At Monday, March 19, 2007 6:04:00 PM, Blogger Maurice Bernstein, M.D. said...

Lisa you are correct. It is the patients whose physician prescribed the new medicine that will become the pool of monitored or unmonitored "guinea pigs" who will allow the post-marketing efficacy and safety to be demonstrated. Every physician, whether agreeing to prescribe or disagreeing to prescribe should inform the patient about the new drug. Those patients whose physician concludes that the new drug would be appropriate for the patient must also relate to that patient the uncertainties of all new drugs as they enter the world-wide market. The patient must then decide on their own if they want to become that "guinea pig". But let this conversation about new drugs occur between doctor and his or her specific patient with a worked up disease and not between the pharmaceutical company and any person out there in TV land with "who knows what" symptoms and "who knows what" disease, if even present. ..Maurice.

 
At Thursday, April 05, 2007 1:13:00 AM, Anonymous Chris and Vic said...

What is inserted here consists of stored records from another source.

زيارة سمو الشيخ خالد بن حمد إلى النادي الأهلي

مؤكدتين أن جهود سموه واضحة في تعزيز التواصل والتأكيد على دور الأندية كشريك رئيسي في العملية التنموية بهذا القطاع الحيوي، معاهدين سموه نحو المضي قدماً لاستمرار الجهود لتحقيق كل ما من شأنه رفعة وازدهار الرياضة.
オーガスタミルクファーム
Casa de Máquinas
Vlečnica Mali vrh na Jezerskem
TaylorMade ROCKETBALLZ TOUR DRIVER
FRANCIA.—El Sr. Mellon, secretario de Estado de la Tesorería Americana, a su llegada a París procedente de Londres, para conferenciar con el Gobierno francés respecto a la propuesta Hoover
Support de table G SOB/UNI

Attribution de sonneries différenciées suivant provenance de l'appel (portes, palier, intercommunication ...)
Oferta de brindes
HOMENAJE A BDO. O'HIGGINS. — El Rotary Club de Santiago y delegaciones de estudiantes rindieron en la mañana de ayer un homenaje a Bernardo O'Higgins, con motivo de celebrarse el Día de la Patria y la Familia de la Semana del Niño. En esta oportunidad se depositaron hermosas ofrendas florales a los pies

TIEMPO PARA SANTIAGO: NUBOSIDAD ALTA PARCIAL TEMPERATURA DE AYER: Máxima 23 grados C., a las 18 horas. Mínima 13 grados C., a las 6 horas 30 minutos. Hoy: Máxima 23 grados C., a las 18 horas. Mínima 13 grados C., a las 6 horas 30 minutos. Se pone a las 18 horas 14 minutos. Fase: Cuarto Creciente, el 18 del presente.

With respect to Lisa's questions:

In order for your proposed plan to work, Dr. B., the patient and doctor would have to dialog frequently. The patient would have more frequent visits, or at least phone conversations (or email access) with their doctors. That isn't how healthcare works.

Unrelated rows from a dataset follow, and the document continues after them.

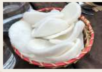
nuvole di drago €3,00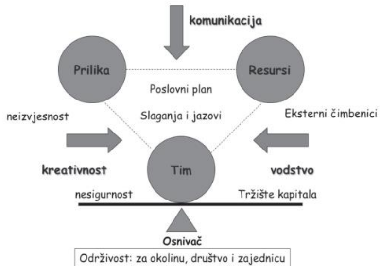
Slika 1. Timmonsov model poduzetničkog procesa

Izvor: Timmons J., New Venture Creation, Entrepreneurship for the 21st century, McGraw Hill, 2007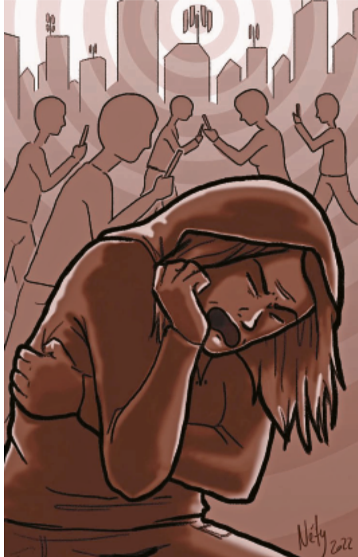
Nadège, jeune Jurassienne intolérante aux ondes, a tenu à témoigner par l'illustration, des douleurs provoquées par les champs électromagnétiques.

Les symptômes de l'électrohypersensibilité ou syndrome d'intolérance aux champs électromagnétiques peuvent prendre la forme de vertiges, de troubles oculaires, d'une certaine confusion, de lésions cutanées ou de maux de tête. «C'est un état quasi permanent qui empêche de dormir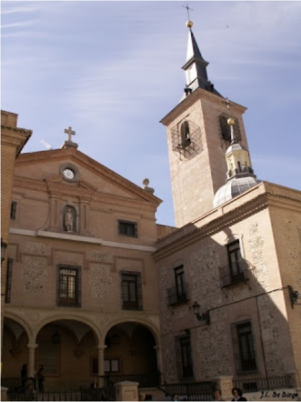
Iglesia de San Gines en Madrid

siendo testigo de hechos que reflejó en su obra literaria. Y cultivo las fuentes del saber caminando por el conocimiento de las artes y los valores humanos. Conoció el esplendor de los poderosos, sus villanías y sus bajezas. Supo que la inteligencia supera al dinero, porque aún poseyéndolo no quitan necesidad a quien lo tiene. Pero sufrió en el trajín de la vida la soledad y la derrota de los que por audaces, se atreven a desafiar a los que aún siendo necios, ostentan el poder. Fue llevado a los tribunales por sus contemporáneos acusándole de desvergonzado, vicioso, bufón, bachiller en suciedades y maligno, dejando estos hechos en su alma amargura y desconfianza en los demás. Murió con la melancolía y la tristeza en su mirada, con la serena convicción de que sólo Dios es quien hace justicia. Cerró los ojos, cuando en los Campos de Montiel se recogía la cosecha de las viñas, y se hacía en los fogones el arrope y la carne de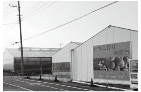
(株)あぐりスタジアム (農業法人としていちごの生産、販売を始めています)

このような法人化により経営規模を拡大することで、農産物の生産・加工・販売を行うことが可能となり、経営の多角化である6次産業化に繋がっていきます。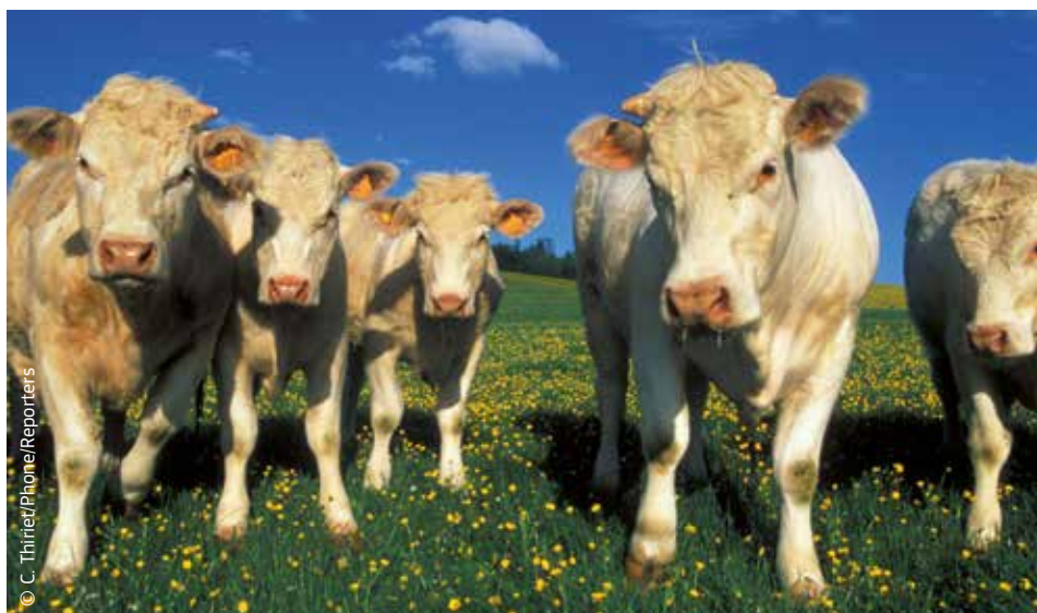
L'agricultura ha d'oferir productes alimentaris segurs i de qualitat.

El nou paper del món agrari és garantir una certa activitat econòmica a cada territori i protegir la diversitat del paisatge rural a Europa. Aquesta diversitat i el reconeixement del que representa la forma de vida rural i la relació harmoniosa entre l'home i la natura són elements molt importants de la identitat europea. A més, l'agricultura europea ha de tenir un paper important en la lluita contra el canvi climàtic, la preservació de la flora i la fauna i el subministrament d'aliments.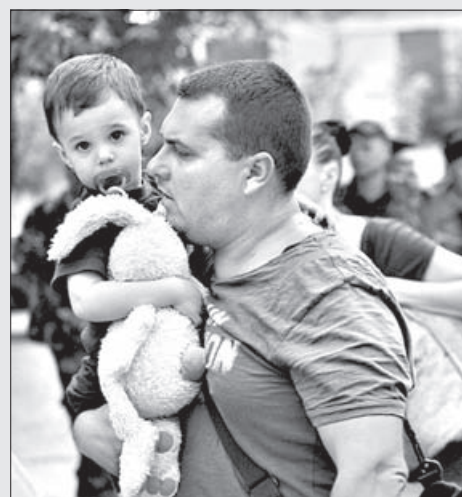
Мужчина несет на руках своего сына, покидая дом в Луганске

Интерфакс-Религия, Православие в Украине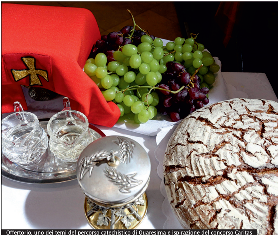
Offertorio, uno dei temi del percorso catechistico di Quaresima e ispirazione del concorso Caritas

domenica fino a Pasqua, che fanno da corona al titolo, al centro. Ogni domenica verrà applicata sul tondo un'immagine descrittiva del momento della Santa Messa che viene analizzata. Inoltre, l'Ufficio Caritas, in collaborazione con l'Ufficio diocesano per la Catechesi, indice un concorso in occasione del Cinquantenario di fondazione della Caritas Diocesana da svolgersi nel Tempo di Quaresima. Il concorso, rivolto ai gruppi di

On the horizon is disease management by a nurse who is specially trained to keep in close touch with patients who have chronic conditions, to monitor them daily, weekly, bi-weekly, etc., and to present their blood sugars (in diabetes), blood pressures (in hypertension), or whatever s/s that are significant in their chronic condition, to their physcians---with a view towards keeping them out of the hospital.

Lisa's interest in new drugs or treatments on the market, or her willingness to participate in a clinical trial of a new drug or treatment, could be on-record, and she could receive notice and have the chance to ask questions via this "disease management" option. OR her doctor could agree to be in close touch with her about these issues.
Chris and Vic

 
At Thursday, April 05, 2007 8:51:00 PM, Blogger Maurice Bernstein, M.D. said...

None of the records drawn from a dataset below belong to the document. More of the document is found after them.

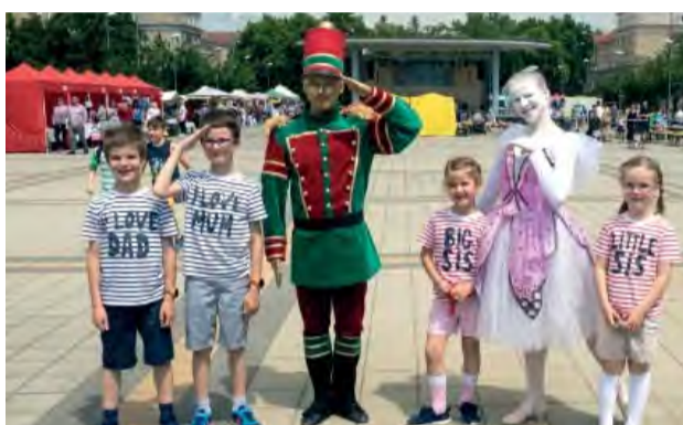
Stretnutie so živým cínovým vojačikom a jeho baletkou bol príjemným prekvapením najmä pre deti.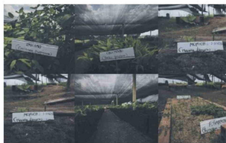
Los campesinos que viven en la Guardiania del Chiribiquete están trabajando en viveros para recuperar cultivos propios de la zona.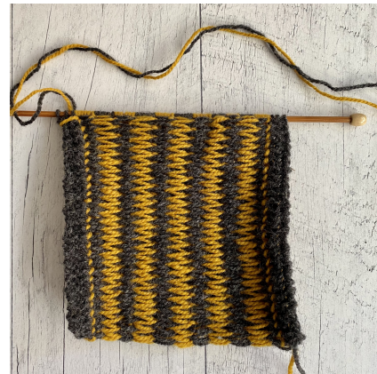
Envers du travail - les fils se croisent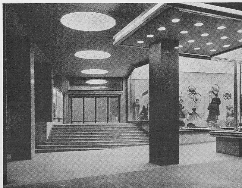
Bild 21. Nördliche Eingangspartie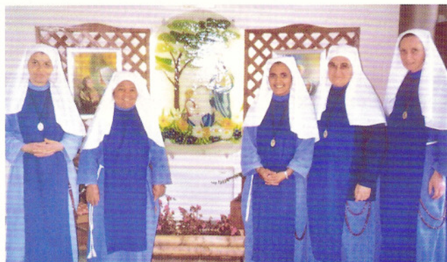
Le cinque suore di Porzùs.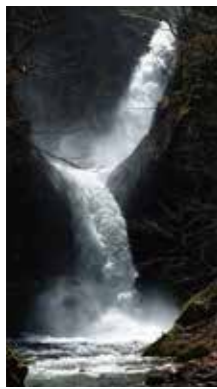
雪解けの「星置の滝」 [札幌市 金山 / 2018年5月] 早瀬 正 (札幌市手稲区) 雪解けの時期は、普段は穏やかな「星置の滝」も、ダイナミックな滝に変身します。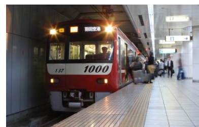
夜間時間帯の羽田空港アクセスが向上

I agree with the posting of Chris and Vic. There are currently programs in some clinic situations where such nurse monitoring of chronic illnesses such as diabetes or congestive heart failure does involve literally daily communication with the patient. Problems or questions can easily be communicated to the supervising physicians regarding changes in management including changing medications. ..Maurice.

 
At Friday, December 12, 2008 7:12:00 PM, Blogger Maurice Bernstein, M.D. said...

I received the following e-mail from a visitor today that I thought would be appropriate for this thread...Maurice.


I have a great example of the over-use of these advertisements. While I was putting my four year old son to bed one night, he went to the window and said “I want the green butterfly”. At first I was really confused, then he said it again and I knew what he wanted. Lunesta! That is how powerful these adds are to the public. Even a child understood that “the butterfly” could help him sleep. Drug use in this country is epic. I am a firm believer in trying to cure the disease, rather than masking the symptoms. Medications have far too many underlining effects on the body. It should not be up to a patient to inform the doctor that they would like to be on abc medication.